Record extracts:

◆ ◆ ◆ ◆ ◆

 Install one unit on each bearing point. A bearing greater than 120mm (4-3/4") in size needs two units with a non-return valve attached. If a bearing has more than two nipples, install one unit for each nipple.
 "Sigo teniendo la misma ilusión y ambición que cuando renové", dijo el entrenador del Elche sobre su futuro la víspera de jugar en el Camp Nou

◆ ◆ ◆ ◆ ◆

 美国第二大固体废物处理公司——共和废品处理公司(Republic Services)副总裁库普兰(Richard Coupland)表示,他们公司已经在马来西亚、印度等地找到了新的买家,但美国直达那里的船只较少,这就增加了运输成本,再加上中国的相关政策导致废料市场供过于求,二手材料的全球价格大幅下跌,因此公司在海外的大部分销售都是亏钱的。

◆ ◆ ◆ ◆ ◆

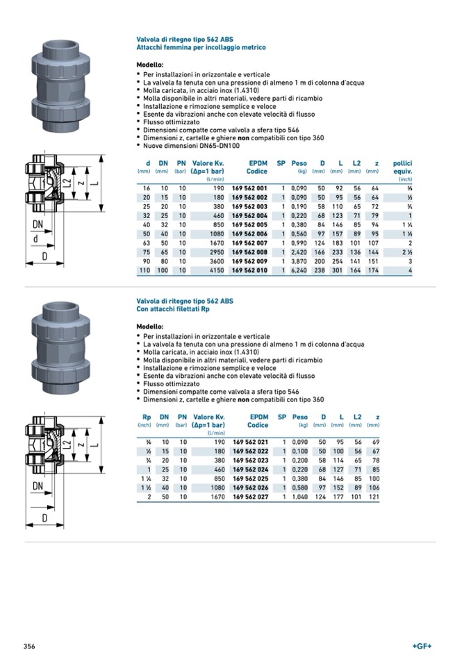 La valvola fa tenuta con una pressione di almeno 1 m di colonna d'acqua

◆ ◆ ◆ ◆ ◆

Work item: Out of the material above, output word for word the line with "Install one unit on", the line with "el Camp Nou", and all lines between them, with nothing else.

Solved problem:
 Install one unit on each bearing point. A bearing greater than 120mm (4-3/4") in size needs two units with a non-return valve attached. If a bearing has more than two nipples, install one unit for each nipple.
 "Sigo teniendo la misma ilusión y ambición que cuando renové", dijo el entrenador del Elche sobre su futuro la víspera de jugar en el Camp Nou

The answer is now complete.